Let us say you have measured some data for two variables, which we will call, unimaginatively, \(x\) and \(y\). This data set consists of pairs of numbers: one for \(x\), one for \(y\), for example, the heart rate and body temperature of a person go together. They cannot be mixed up between different people, as the data will lose all meaning. We can denote this a list of \(n\) pairs of numbers: \((x_i, y_i)\) (where \(i\) is an integer between 1 and \(n\)). Since this is a list of pairs of numbers, we can plot them as separate points in the plane using each \(x_i\) as the x-coordinate and each \(y_i\) as the y-coordinate.
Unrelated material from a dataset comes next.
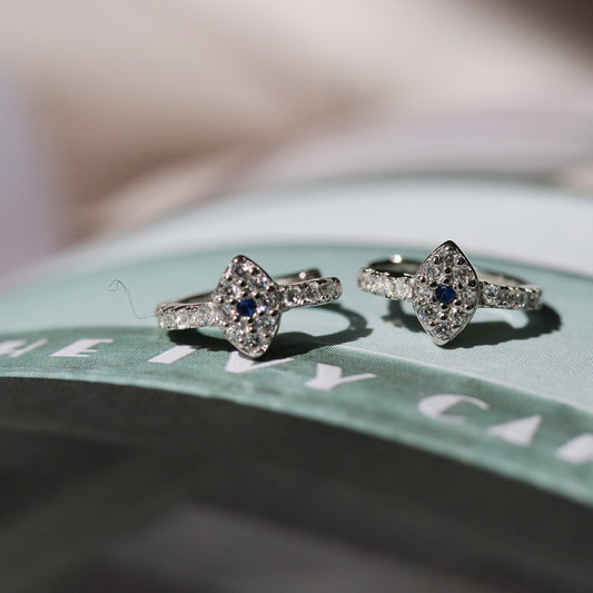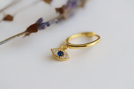 Sterling Silver Evil Eye Hoop Earrings| Cartilage Helix Huggies

This is called a scatterplot of a two-variable data set. For example, two scatterplots of a data set of heart rate and body temperature are shown in figure \(\ref{fig:HRTemp_scatterplot}\). In the first one, the body temperature is on the x-axis, which makes it the explanatory variable; in the second one, the body temperature is on the y-axis, which makes it the response variable.

(a) Body temp (response variable) vs heart rate (explanatory variable)
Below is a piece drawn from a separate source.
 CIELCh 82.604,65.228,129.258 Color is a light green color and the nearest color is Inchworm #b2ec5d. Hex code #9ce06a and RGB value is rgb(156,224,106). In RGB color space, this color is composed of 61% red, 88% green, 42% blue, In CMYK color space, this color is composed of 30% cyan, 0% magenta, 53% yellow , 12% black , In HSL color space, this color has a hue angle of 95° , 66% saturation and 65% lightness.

4.2 Linear least-squares fitting

4.2.1 sum of squared errors

It is easy to find the best-fit line for a data set with only two points: its slope and intercept can be found by solving the two simultaneous linear equations, e.g. if the data set consists of \((3,2.3), (6, 1.7)\), then finding the best fit values of \(a\) and \(b\) means solving the following two equations: \[\begin{eqnarray*} 3a + b &=& 2.3 \\ 6a + b &=& 1.7 \end{eqnarray*}\] These equations have a unique solution for each unknown: \(a=-0.2\) and \(b=2.9\) (you can solve it using basic algebra).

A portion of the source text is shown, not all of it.